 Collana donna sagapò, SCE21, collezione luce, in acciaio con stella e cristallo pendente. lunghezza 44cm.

──────────────────────────────

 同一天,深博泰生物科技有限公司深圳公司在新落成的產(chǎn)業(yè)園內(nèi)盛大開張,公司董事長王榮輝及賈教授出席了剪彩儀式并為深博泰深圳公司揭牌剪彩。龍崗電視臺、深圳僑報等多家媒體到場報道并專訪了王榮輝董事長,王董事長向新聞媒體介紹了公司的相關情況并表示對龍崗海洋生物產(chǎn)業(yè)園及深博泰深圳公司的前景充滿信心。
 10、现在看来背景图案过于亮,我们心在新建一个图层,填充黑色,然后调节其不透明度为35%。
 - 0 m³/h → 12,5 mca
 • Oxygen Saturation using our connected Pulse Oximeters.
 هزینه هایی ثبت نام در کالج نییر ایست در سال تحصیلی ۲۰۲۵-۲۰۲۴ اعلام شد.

──────────────────────────────

■ TASK PROMPT: Out of the material above, output word for word the line with "同一天,深博泰生物科技有限公", the line with "هزینه هایی ثبت", and all lines between them, with nothing else.

■ EXERCISE RESULT:
 同一天,深博泰生物科技有限公司深圳公司在新落成的產(chǎn)業(yè)園內(nèi)盛大開張,公司董事長王榮輝及賈教授出席了剪彩儀式并為深博泰深圳公司揭牌剪彩。龍崗電視臺、深圳僑報等多家媒體到場報道并專訪了王榮輝董事長,王董事長向新聞媒體介紹了公司的相關情況并表示對龍崗海洋生物產(chǎn)業(yè)園及深博泰深圳公司的前景充滿信心。
 10、现在看来背景图案过于亮,我们心在新建一个图层,填充黑色,然后调节其不透明度为35%。
 - 0 m³/h → 12,5 mca
 • Oxygen Saturation using our connected Pulse Oximeters.
 هزینه هایی ثبت نام در کالج نییر ایست در سال تحصیلی ۲۰۲۵-۲۰۲۴ اعلام شد.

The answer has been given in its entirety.